What you need to do: In the records below, find the line containing "Combinaison longue pour" and the line containing "T1職籃台中葳格太陽3月打出"; please repeat exactly the lines from one to the other, both included, and nothing more.

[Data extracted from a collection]
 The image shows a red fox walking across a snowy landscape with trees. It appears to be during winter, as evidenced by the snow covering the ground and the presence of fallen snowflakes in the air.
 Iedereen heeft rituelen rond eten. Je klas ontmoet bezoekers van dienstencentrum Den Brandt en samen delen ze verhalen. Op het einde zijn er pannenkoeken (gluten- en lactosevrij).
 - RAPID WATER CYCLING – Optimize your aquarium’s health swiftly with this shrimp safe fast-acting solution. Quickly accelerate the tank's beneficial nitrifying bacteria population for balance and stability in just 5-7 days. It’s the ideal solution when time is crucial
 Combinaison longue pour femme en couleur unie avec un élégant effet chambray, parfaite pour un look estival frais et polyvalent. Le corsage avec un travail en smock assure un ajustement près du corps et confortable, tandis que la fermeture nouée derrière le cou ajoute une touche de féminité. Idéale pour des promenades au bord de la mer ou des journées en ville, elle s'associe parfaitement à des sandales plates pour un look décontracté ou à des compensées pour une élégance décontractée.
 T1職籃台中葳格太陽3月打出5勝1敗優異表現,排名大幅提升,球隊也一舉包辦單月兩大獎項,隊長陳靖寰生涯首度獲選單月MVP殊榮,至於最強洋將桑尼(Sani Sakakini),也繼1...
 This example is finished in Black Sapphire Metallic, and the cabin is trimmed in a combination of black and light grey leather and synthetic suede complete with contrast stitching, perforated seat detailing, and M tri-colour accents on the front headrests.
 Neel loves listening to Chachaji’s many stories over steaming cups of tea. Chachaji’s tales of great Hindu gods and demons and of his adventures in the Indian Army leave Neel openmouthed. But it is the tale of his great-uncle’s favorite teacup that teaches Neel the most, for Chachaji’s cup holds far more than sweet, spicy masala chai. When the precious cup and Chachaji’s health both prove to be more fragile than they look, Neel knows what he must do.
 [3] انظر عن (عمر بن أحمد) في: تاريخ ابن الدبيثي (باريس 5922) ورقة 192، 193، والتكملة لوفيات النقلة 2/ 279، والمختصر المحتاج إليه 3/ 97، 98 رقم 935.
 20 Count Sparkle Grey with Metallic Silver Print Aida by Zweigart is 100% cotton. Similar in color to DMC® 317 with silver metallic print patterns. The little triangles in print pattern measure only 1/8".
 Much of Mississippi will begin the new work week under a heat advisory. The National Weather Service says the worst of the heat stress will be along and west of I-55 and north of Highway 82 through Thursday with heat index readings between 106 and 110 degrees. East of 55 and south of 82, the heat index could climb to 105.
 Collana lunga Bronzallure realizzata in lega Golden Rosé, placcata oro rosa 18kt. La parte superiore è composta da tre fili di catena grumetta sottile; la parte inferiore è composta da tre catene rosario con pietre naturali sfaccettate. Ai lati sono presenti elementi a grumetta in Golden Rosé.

Solved problem:
 Combinaison longue pour femme en couleur unie avec un élégant effet chambray, parfaite pour un look estival frais et polyvalent. Le corsage avec un travail en smock assure un ajustement près du corps et confortable, tandis que la fermeture nouée derrière le cou ajoute une touche de féminité. Idéale pour des promenades au bord de la mer ou des journées en ville, elle s'associe parfaitement à des sandales plates pour un look décontracté ou à des compensées pour une élégance décontractée.
 T1職籃台中葳格太陽3月打出5勝1敗優異表現,排名大幅提升,球隊也一舉包辦單月兩大獎項,隊長陳靖寰生涯首度獲選單月MVP殊榮,至於最強洋將桑尼(Sani Sakakini),也繼1...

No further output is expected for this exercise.